PyTorch and TensorFlow

PyTorchnn.GroupNorm and nn.InstanceNorm2d:

import torch
import torch.nn as nn

# GroupNorm: (num_groups, num_channels) — num_channels must be divisible by num_groups
gn = nn.GroupNorm(num_groups=32, num_channels=256)
x  = torch.randn(4, 256, 14, 14)   # (B, C, H, W)
out = gn(x)                         # stats over (C/G=8 channels, H, W) per example

# Special cases
ln_equiv = nn.GroupNorm(num_groups=1,   num_channels=64)  # G=1  → LayerNorm
in_equiv = nn.GroupNorm(num_groups=64,  num_channels=64)  # G=C  → InstanceNorm

# InstanceNorm2d: per-(example, channel) stats over spatial dims
in2d = nn.InstanceNorm2d(num_features=64, affine=True)
x    = torch.randn(2, 64, 32, 32)
out  = in2d(x)   # stats over (H, W) for each (b, c); no batch dependence

# Visualize what each method normalizes on the same (B=4, C=64, H=8, W=8) tensor
x = torch.randn(4, 64, 8, 8)
print('BN  mean:', nn.BatchNorm2d(64)(x).mean().item())          # ~0 across (B,H,W)
print('GN  mean:', nn.GroupNorm(32, 64)(x).mean().item())        # ~0 within groups
print('IN  mean:', nn.InstanceNorm2d(64)(x).mean().item())       # ~0 per (b,c)

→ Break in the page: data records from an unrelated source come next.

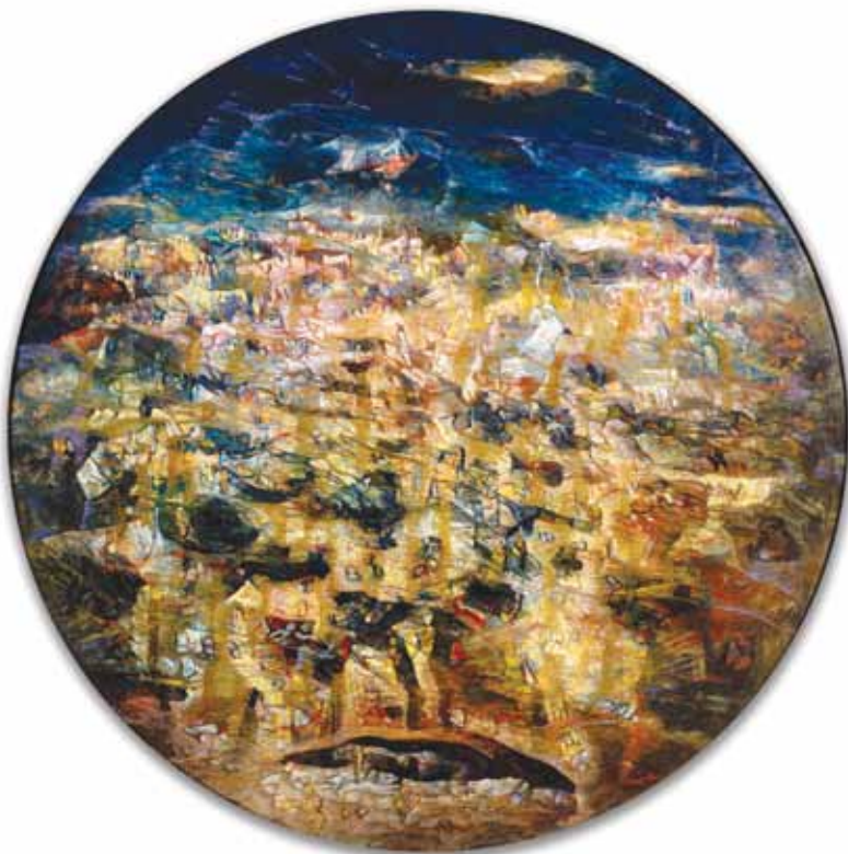
Abdallah Benanteur. Le Témoin , 1991 Oil on canvas diam. 130 cm © Abdallah Benanteur Courtesy Galerie Claude Lemand, Paris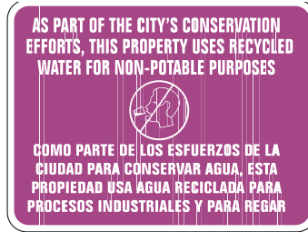
ID.SIGN.3 (18" X 24")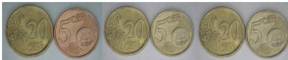
Figure 2. (Left) photograph of 20 and 5 eurocent coins; (centre) simulation of how a deuteranope observer would see these two coins; (right) simulation of how a protanope observer would see them.

This indicates that the two coins would be perceived as having the same tone by deuteranope observers, and that the differences that protanope type dichromats would observe will be minimal. This therefore opens up the possibility of using these coins as a new type of test for red-green color deficiency. To study how equally anomalous observers would perceive the two classes of coin, we applied a simulation algorithm of the two types of deficiency, deuteranope and protanope [7], on a picture of two coins of different color. The variability in the luminosity from the different zones of the coins due to the irregularities in their surfaces made it difficult to obtain this picture. The best image was obtained using a digital camera and avoiding reflections in so far as possible. The result is shown in Fig. 2.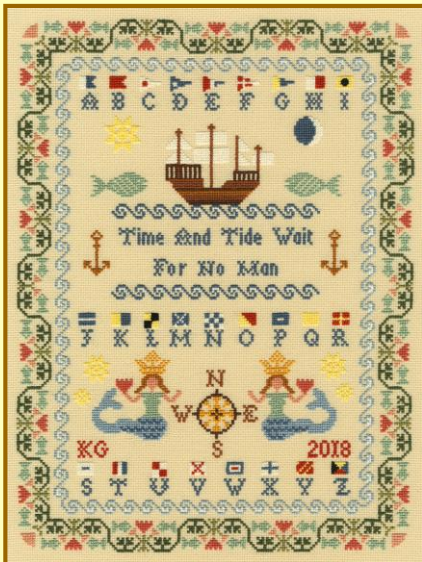
Time And Tide ref XBD5 27 x 36cm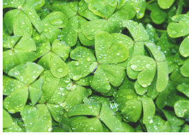
St. Patrick's Day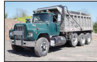
'83 MACK RD686S

1983 MACK Model RD686S Tri-Axle Dump Truck , powered by Mack EM6-300, 300HP diesel engine and 6 speed lo-hole transmission, equipped with Summit 17' aluminum dump body with power tarp, 44,000# rears, 18,000# front axle, 2-position Jake brake, 12R24.5 front and lift tires, and 11R24.5 rear tires. In good condition with good to very good tires. (BACHMAN)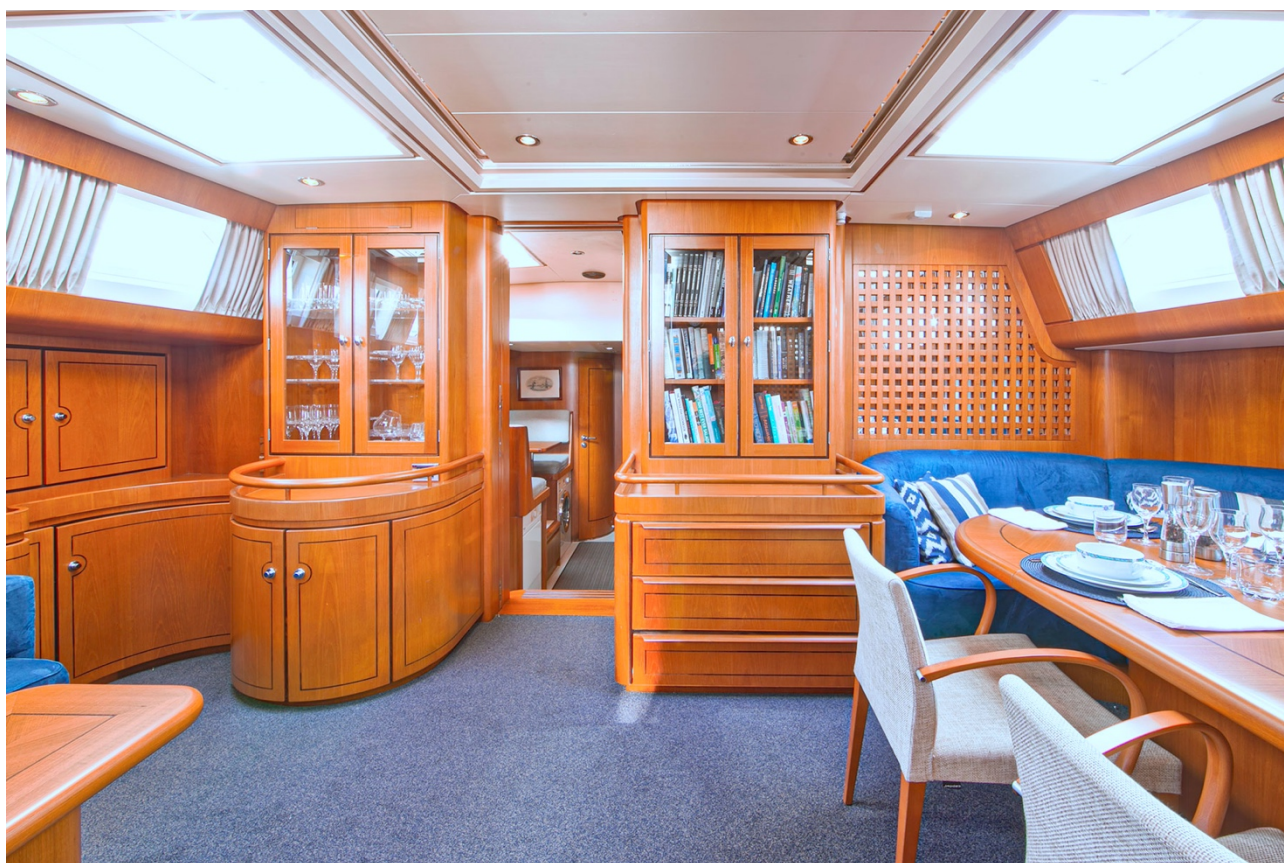
Lower saloon looking forward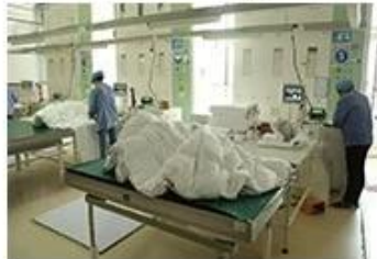
⑧ Product inspection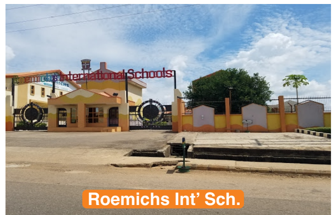
Roemichs Int' Sch.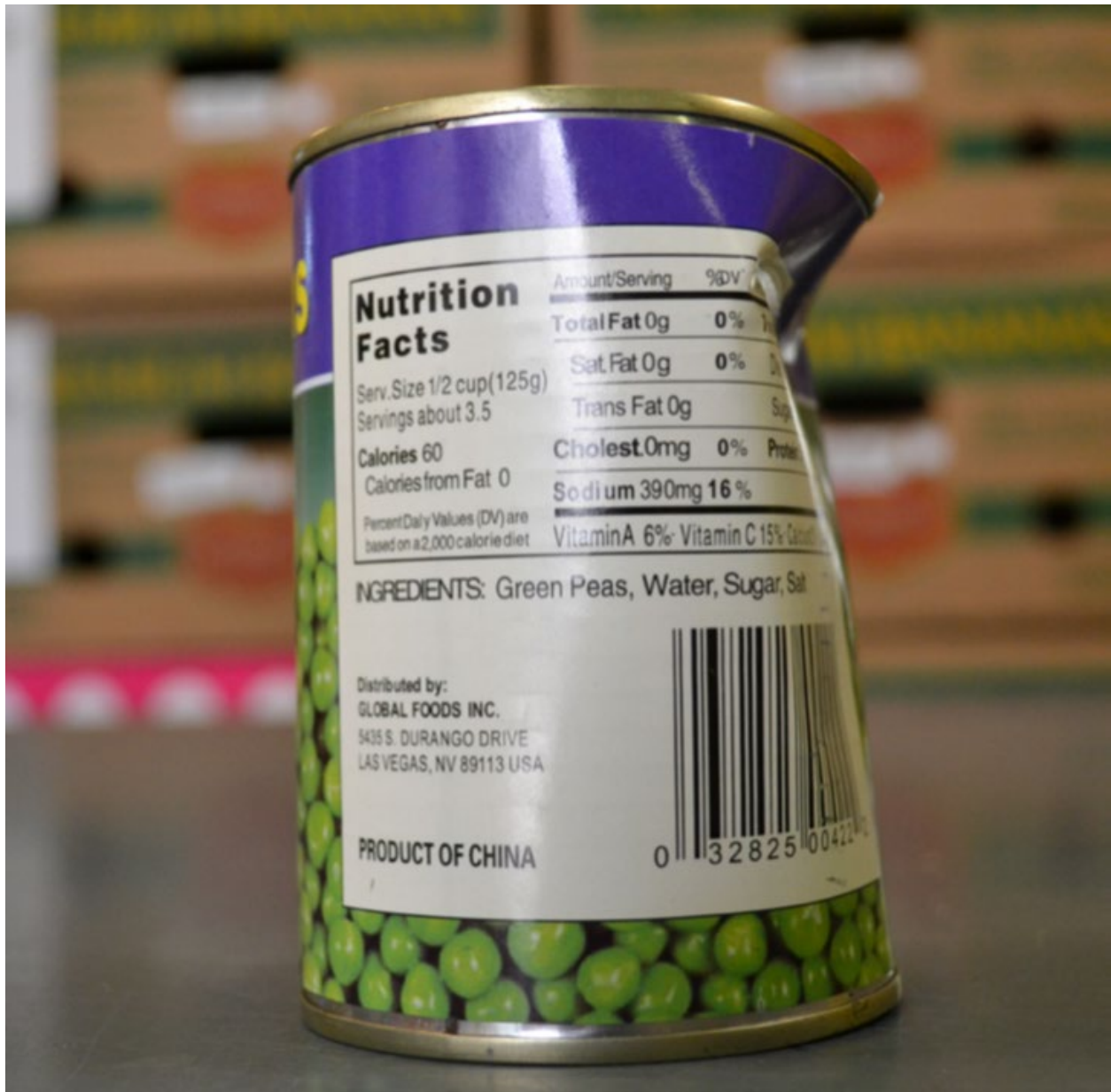
Metal touching metal/crimped over

# Typical GroupNorm usage in a ResNet block for detection
class GNResBlock(nn.Module):
    def __init__(self, channels: int, groups: int = 32):
        super().__init__()
        self.conv1 = nn.Conv2d(channels, channels, 3, padding=1)
        self.gn1   = nn.GroupNorm(groups, channels)
        self.conv2 = nn.Conv2d(channels, channels, 3, padding=1)
        self.gn2   = nn.GroupNorm(groups, channels)

    def forward(self, x):
        h = torch.relu(self.gn1(self.conv1(x)))
        return torch.relu(self.gn2(self.conv2(h)) + x)

TensorFlow / Keras:

import tensorflow as tf

# GroupNormalization — built-in from TF 2.11+ (channels-last format)
gn = tf.keras.layers.GroupNormalization(groups=32, axis=-1)
x  = tf.random.normal((4, 14, 14, 256))   # (B, H, W, C)
out = gn(x)

# InstanceNorm equivalent: LayerNormalization over spatial axes [1, 2]
in_norm = tf.keras.layers.LayerNormalization(axis=[1, 2])
x       = tf.random.normal((4, 32, 32, 64))
out     = in_norm(x)   # stats over (H, W) per (batch, channel)

# Or via tensorflow-addons:
# import tensorflow_addons as tfa
# in_norm = tfa.layers.InstanceNormalization(axis=-1)